- INSTRUCTIONS TO FOLLOW:
Leave out the pictures and output exactly the lines below from the one with "Opening as a Certified Autism Center" down to the one with "A strange category, I'll", both of them included.

|---|

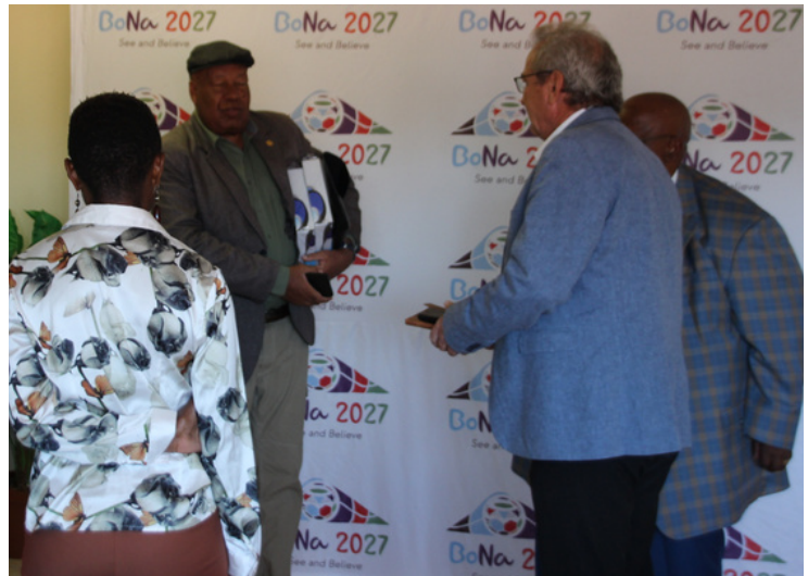
Officials from FIFA/NFA Normalisation Committee and BONA Committee
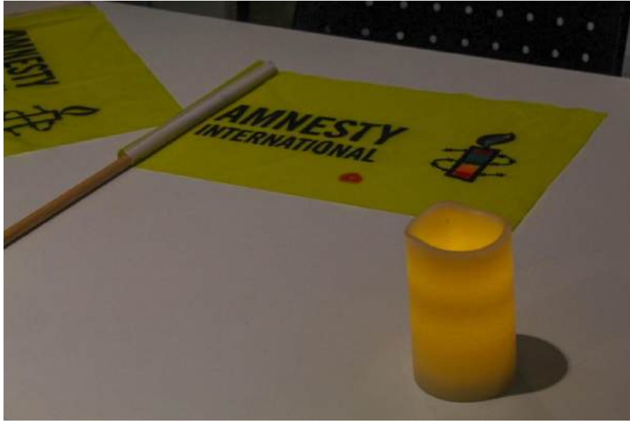
Marking International Human Rights Day, 10 th December, AMNESTY Letterkenny lights vigil candles at reception of attendees at the start of the event
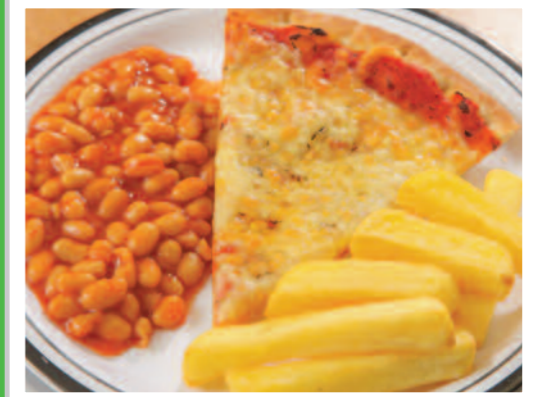
Cheese & Tomato Pizza served with Chips & Peas or Baked Beans
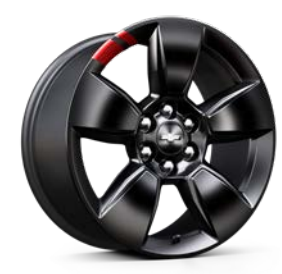
18" Black-Painted Aluminum Wheels with Red Accents Available on LT with Redline Edition

1 Safety or driver assistance features are no substitute for the driver's responsibility to operate the vehicle in a safe manner. Read the vehicle Owner's Manual for important feature limitations and information. 2 To avoid the risk of injury, never use recovery hooks to tow a vehicle. For more information, see the Recovery Hooks section of your Owner's Manual. 3 Chevrolet Infotainment System functionality varies by model. Full functionality requires compatible Bluetooth and smartphone, and USB connectivity for some devices. 4 Available on Crew Cab models only. Requires available Luxury Package.
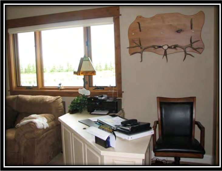
Office Main Floor
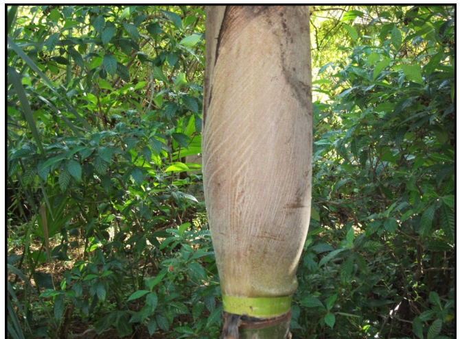
Faintly striped crownshaft of the palm.
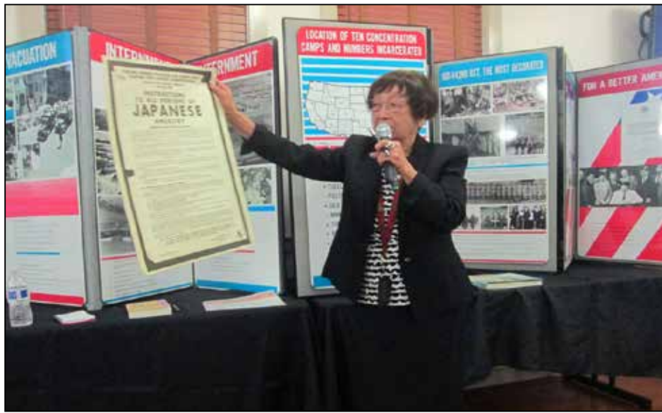
Her talk addressed the 4th Amendment when she recalled the day she came home from school to find three FBI agents in the house.
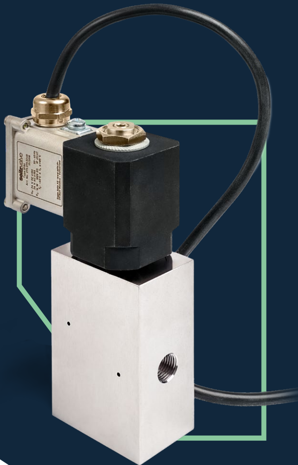
HyValve 1000, Type 3106

We aim to be your partner in building a hydrogen economy. For your peace of mind, our hydrogen valves were honed for long maintenance periods and easy serviceability. Our HyValve range will convince you by its high repeatability, utmost safety and exceptional reliability.
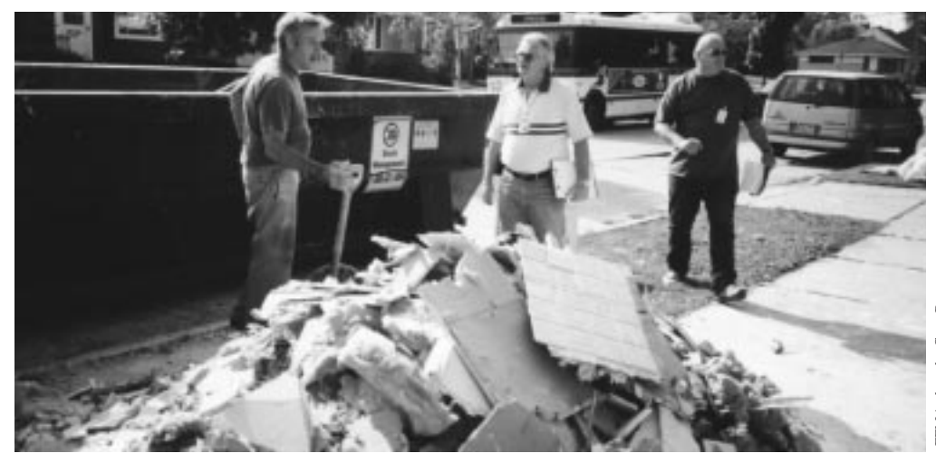
Caution is required when cleaning up flood debris.

The debris left behind by the storms may be a source of injury or illness. State Coordinating Officer Al Shanks urges people to be "extremely careful when cleaning damaged structures or handling debris." Here are some safety tips:
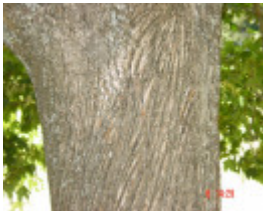
T11436 Acer platanoides
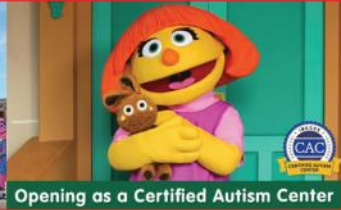
Opening as a Certified Autism Center

Sesame Place San Diego is a door that will open to a wonderful world full of thrill, fun, and entertainment. If you want to enjoy a day of your life to the fullest without shelling out a lot of money, then this park is where you want to go.
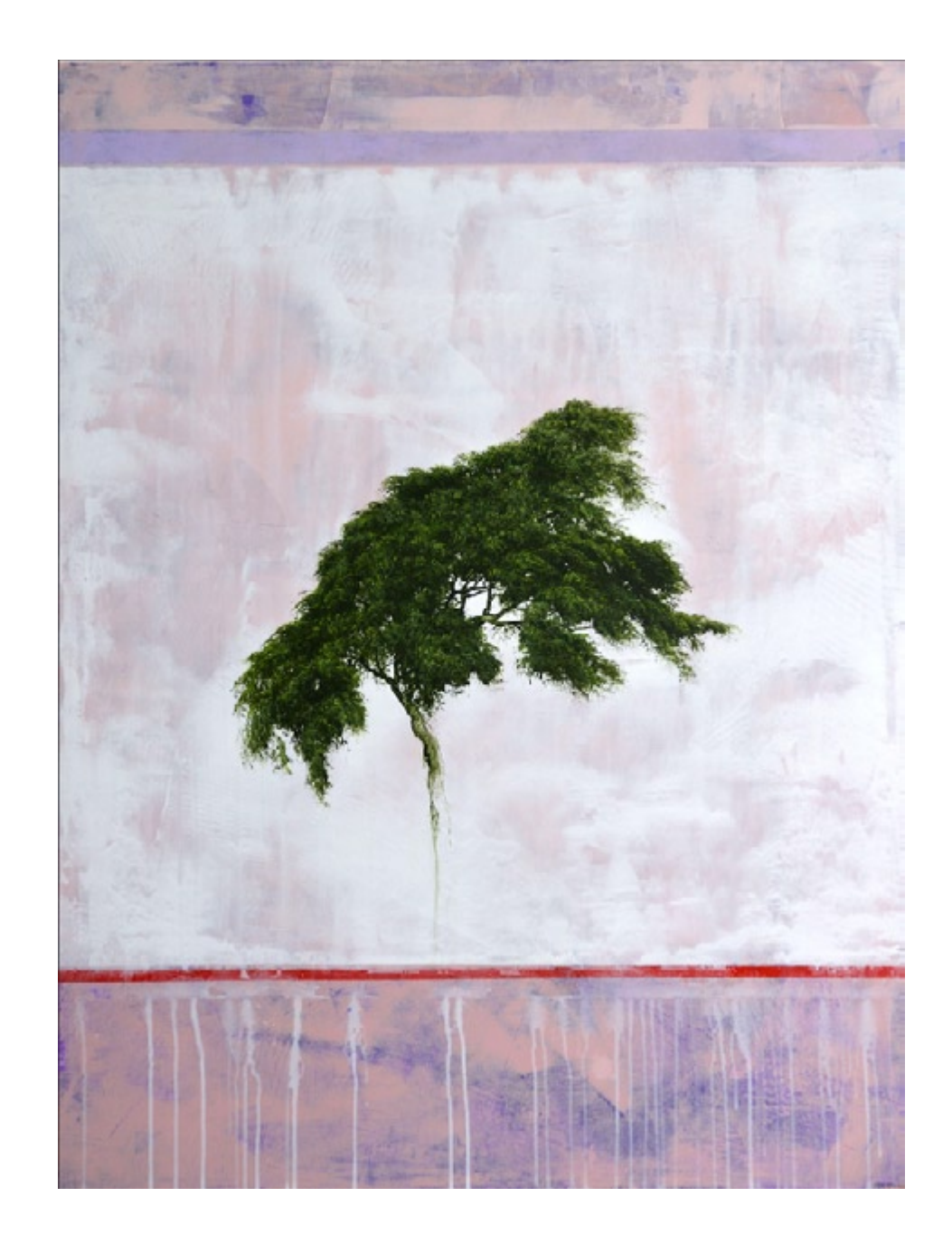
Montechiaro oil and acrylic on panel 48 x 36 inches
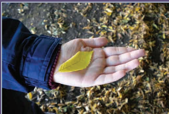
One of the top three winners of Ballymun Framed 2011

To request a copy of the calendar contact GAP @ 01 862 5846.
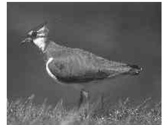
Lapwing Dove Tolliday

A strange category, I'll admit, but I had to mention the pair of pied wagtails that live in the centre of Wilmslow.
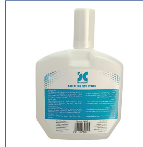
Sani Clean Drip System (Toilet Sanitizer)
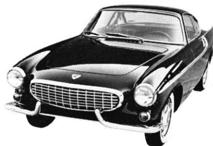
This is the Volvo 1800 S. It's obviously not a compact. If we told you how good the 1800 S is you wouldn't believe us. So here's what Road & Track, an automotive magazine, wrote about it: "The 1800 S is a very civilized touring car of the type much in the news these days—but at a price that many people who cannot afford a Ferrari or Aston Martin will be able to pay." You pay over $10,000 for a Ferrari or Aston Martin. You pay $3995 for the Volvo 1800 S. West Coast slightly higher.
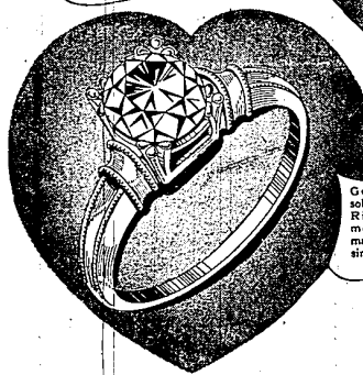
Gorgeous diamond solitaire Engagement Ring in 14K gold mounting that is a masterpiece of classic simplicity. $57.50
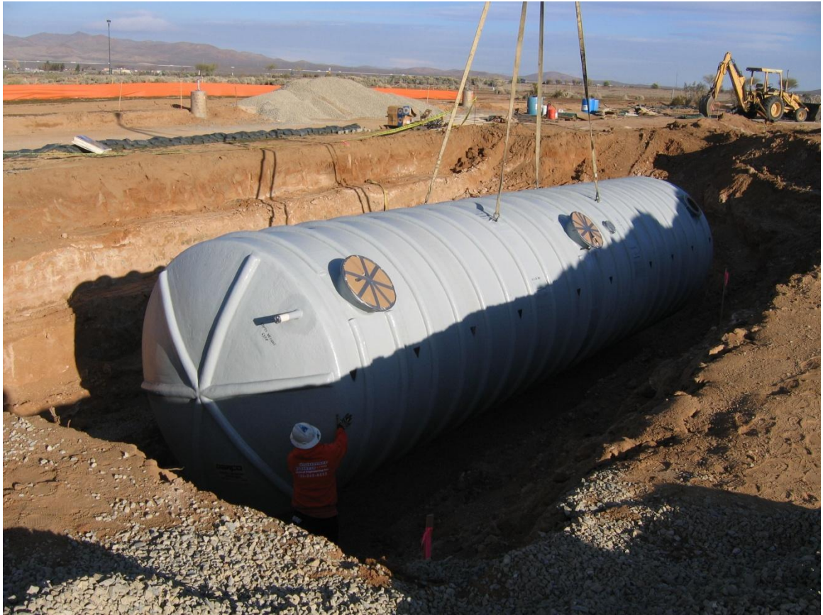
Drafting Pit Tank
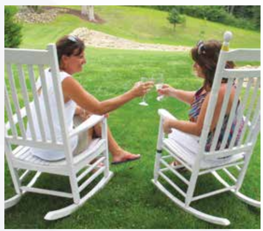
Guests enjoying the Spirit of the Prairie event at Our Lady of the Prairie Retreat.

committed to serving meals using naturally-raised healthy foods. Our garden grows many of the vegetables used in our meals, and our greenhouse was built in 2014 to provide fresh greens throughout the year.
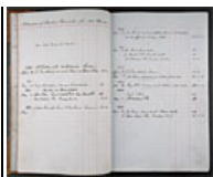
Job book: 53062 Page: 13
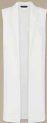
Cream Crepe Sleeveless Duster Coat New Look £19.99
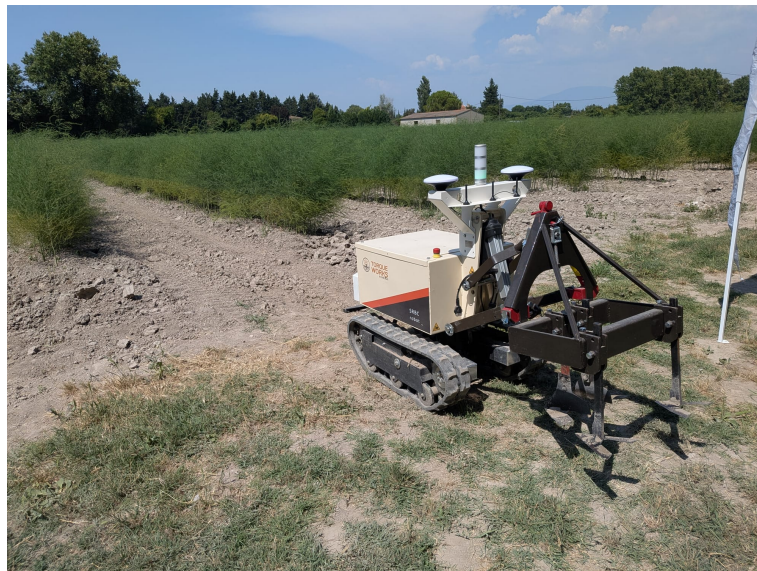
Figure 1.1: Mission presentation photo

|---|

- RESPONSE FOR THIS EXERCISE:
Opening as a Certified Autism Center

Sesame Place San Diego is a door that will open to a wonderful world full of thrill, fun, and entertainment. If you want to enjoy a day of your life to the fullest without shelling out a lot of money, then this park is where you want to go.
Montechiaro oil and acrylic on panel 48 x 36 inches
One of the top three winners of Ballymun Framed 2011

To request a copy of the calendar contact GAP @ 01 862 5846.
Lapwing Dove Tolliday

A strange category, I'll admit, but I had to mention the pair of pied wagtails that live in the centre of Wilmslow.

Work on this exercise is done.